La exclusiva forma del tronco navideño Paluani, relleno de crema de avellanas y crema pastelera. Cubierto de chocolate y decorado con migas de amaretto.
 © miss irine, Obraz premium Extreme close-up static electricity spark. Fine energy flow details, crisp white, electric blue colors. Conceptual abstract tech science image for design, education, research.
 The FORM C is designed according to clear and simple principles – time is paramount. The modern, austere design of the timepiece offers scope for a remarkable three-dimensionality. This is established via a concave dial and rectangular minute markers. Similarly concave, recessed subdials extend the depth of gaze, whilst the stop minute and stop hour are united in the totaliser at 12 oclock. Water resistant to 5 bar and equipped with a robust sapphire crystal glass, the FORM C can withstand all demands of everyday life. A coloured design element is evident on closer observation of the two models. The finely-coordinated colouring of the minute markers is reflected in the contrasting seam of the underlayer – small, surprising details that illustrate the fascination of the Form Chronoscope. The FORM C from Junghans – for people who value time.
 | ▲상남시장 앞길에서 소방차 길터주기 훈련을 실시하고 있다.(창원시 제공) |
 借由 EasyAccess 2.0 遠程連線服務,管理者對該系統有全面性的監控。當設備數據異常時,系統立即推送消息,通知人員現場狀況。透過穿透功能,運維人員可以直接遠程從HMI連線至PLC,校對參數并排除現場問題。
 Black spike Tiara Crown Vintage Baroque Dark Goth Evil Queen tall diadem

•••••

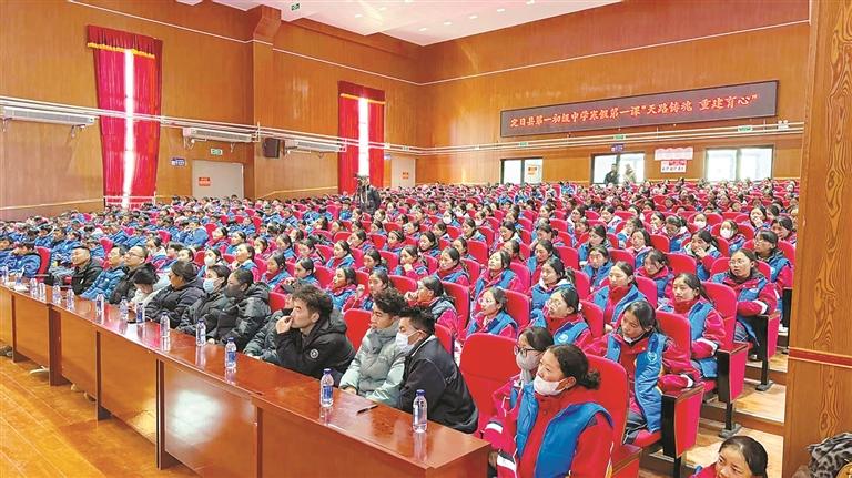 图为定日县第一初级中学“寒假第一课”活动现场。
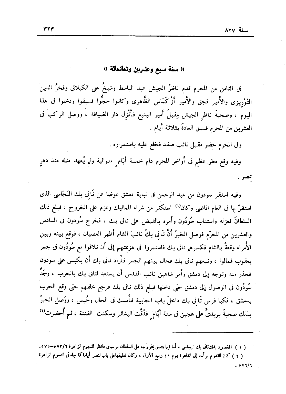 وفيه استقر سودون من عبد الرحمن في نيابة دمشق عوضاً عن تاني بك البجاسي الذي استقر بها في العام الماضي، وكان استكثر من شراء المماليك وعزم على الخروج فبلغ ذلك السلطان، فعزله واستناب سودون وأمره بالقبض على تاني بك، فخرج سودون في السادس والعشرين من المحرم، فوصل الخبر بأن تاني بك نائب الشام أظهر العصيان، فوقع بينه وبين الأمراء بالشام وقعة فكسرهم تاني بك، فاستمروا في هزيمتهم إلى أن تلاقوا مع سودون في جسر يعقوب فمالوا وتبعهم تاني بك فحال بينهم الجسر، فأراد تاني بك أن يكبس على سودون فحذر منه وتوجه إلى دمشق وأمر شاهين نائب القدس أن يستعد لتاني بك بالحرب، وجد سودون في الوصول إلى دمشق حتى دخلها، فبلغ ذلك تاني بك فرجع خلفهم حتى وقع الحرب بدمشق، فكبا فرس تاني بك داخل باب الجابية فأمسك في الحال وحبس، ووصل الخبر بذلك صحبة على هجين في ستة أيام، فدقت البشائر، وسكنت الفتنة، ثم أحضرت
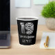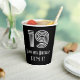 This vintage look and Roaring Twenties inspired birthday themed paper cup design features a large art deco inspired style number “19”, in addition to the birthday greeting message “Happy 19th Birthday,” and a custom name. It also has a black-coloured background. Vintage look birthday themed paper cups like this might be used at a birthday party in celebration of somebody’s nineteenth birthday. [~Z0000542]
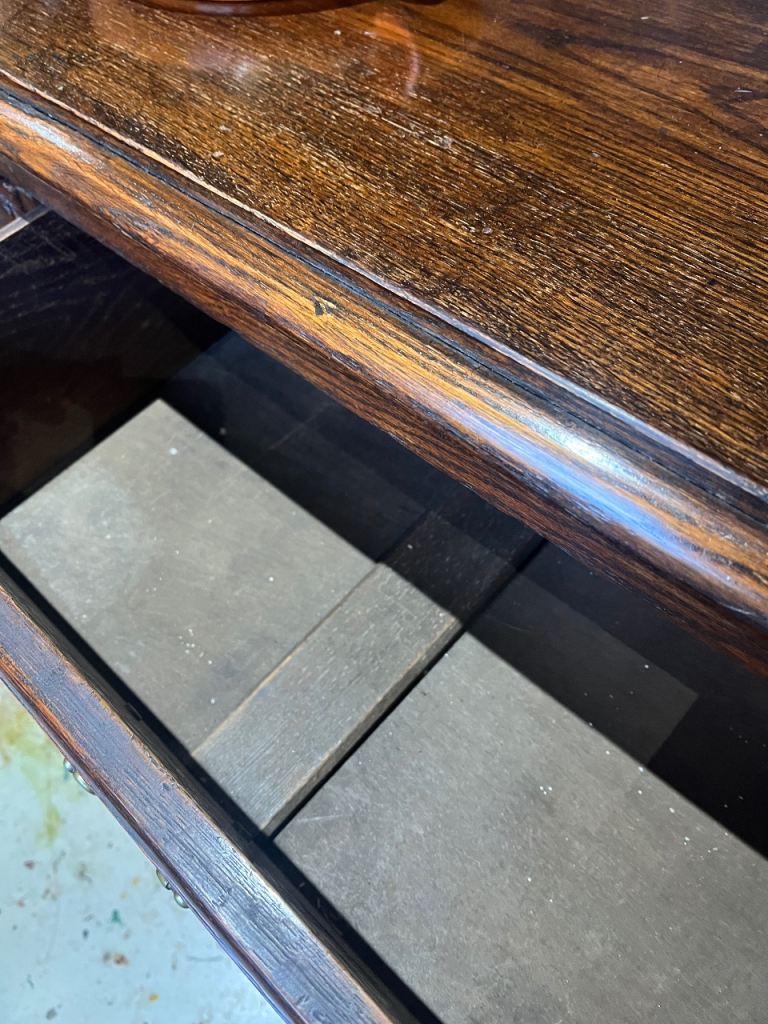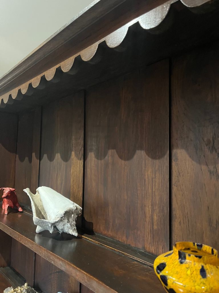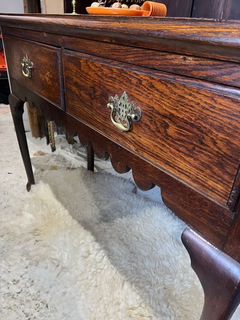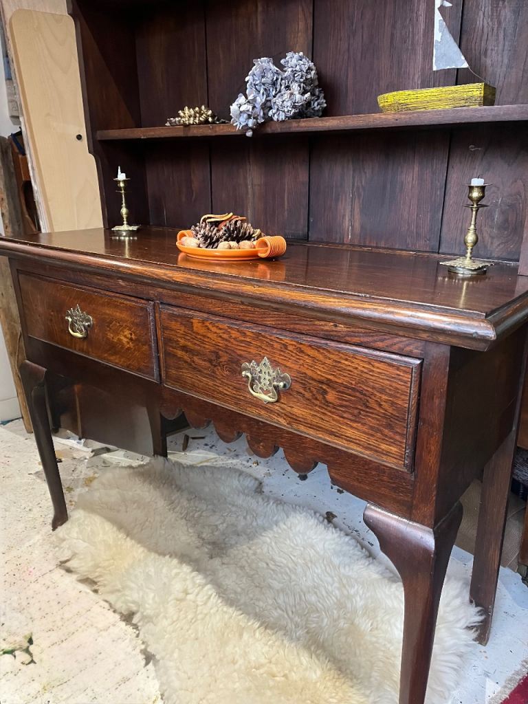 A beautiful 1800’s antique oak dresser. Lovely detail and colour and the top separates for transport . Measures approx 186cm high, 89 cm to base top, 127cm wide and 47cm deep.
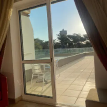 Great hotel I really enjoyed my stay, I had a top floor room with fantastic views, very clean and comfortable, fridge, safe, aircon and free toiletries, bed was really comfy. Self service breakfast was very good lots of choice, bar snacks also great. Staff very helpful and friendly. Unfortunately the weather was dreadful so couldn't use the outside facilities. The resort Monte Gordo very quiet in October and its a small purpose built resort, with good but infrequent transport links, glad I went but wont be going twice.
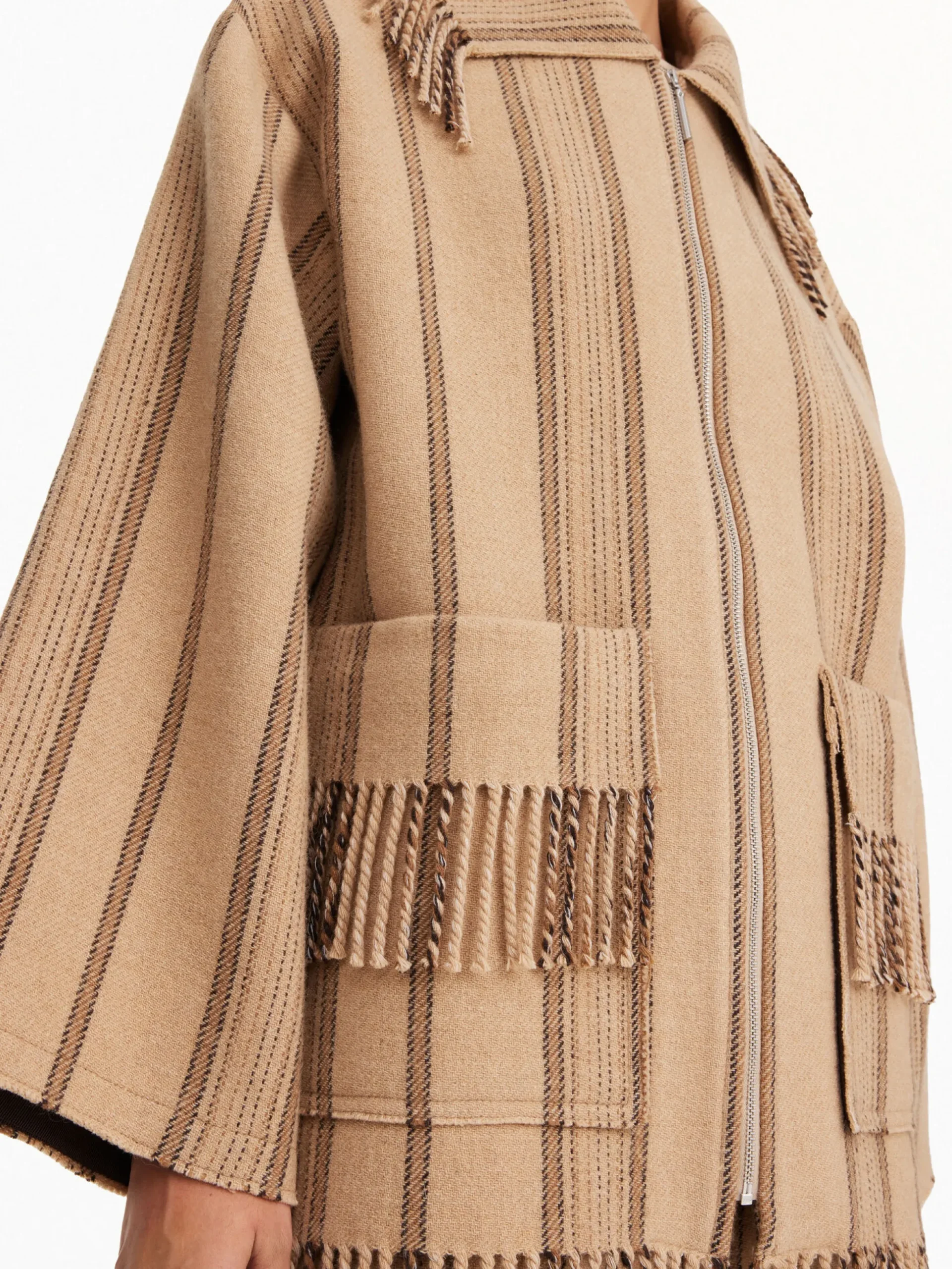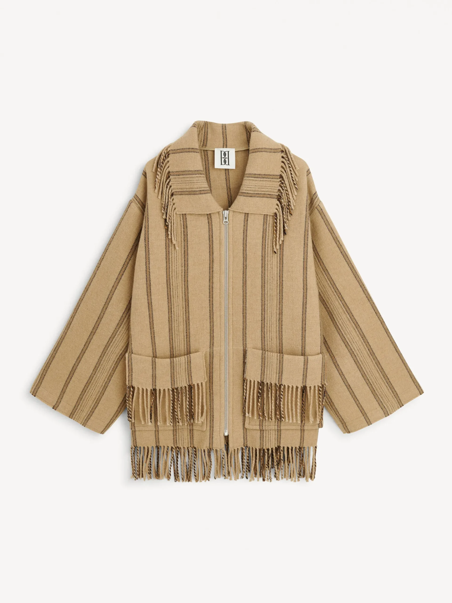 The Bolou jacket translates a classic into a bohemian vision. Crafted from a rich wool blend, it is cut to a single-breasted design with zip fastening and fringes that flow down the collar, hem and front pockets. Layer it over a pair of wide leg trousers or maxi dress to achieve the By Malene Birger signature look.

•••••

§ EXERCISE: For this exercise, set down the lines in the entries above from the one with "This vintage look" through the one with "The Bolou jacket" exactly as written, without any pictures.

§ WORKED SOLUTION:
 This vintage look and Roaring Twenties inspired birthday themed paper cup design features a large art deco inspired style number “19”, in addition to the birthday greeting message “Happy 19th Birthday,” and a custom name. It also has a black-coloured background. Vintage look birthday themed paper cups like this might be used at a birthday party in celebration of somebody’s nineteenth birthday. [~Z0000542]
 A beautiful 1800’s antique oak dresser. Lovely detail and colour and the top separates for transport . Measures approx 186cm high, 89 cm to base top, 127cm wide and 47cm deep.
 Great hotel I really enjoyed my stay, I had a top floor room with fantastic views, very clean and comfortable, fridge, safe, aircon and free toiletries, bed was really comfy. Self service breakfast was very good lots of choice, bar snacks also great. Staff very helpful and friendly. Unfortunately the weather was dreadful so couldn't use the outside facilities. The resort Monte Gordo very quiet in October and its a small purpose built resort, with good but infrequent transport links, glad I went but wont be going twice.
 The Bolou jacket translates a classic into a bohemian vision. Crafted from a rich wool blend, it is cut to a single-breasted design with zip fastening and fringes that flow down the collar, hem and front pockets. Layer it over a pair of wide leg trousers or maxi dress to achieve the By Malene Birger signature look.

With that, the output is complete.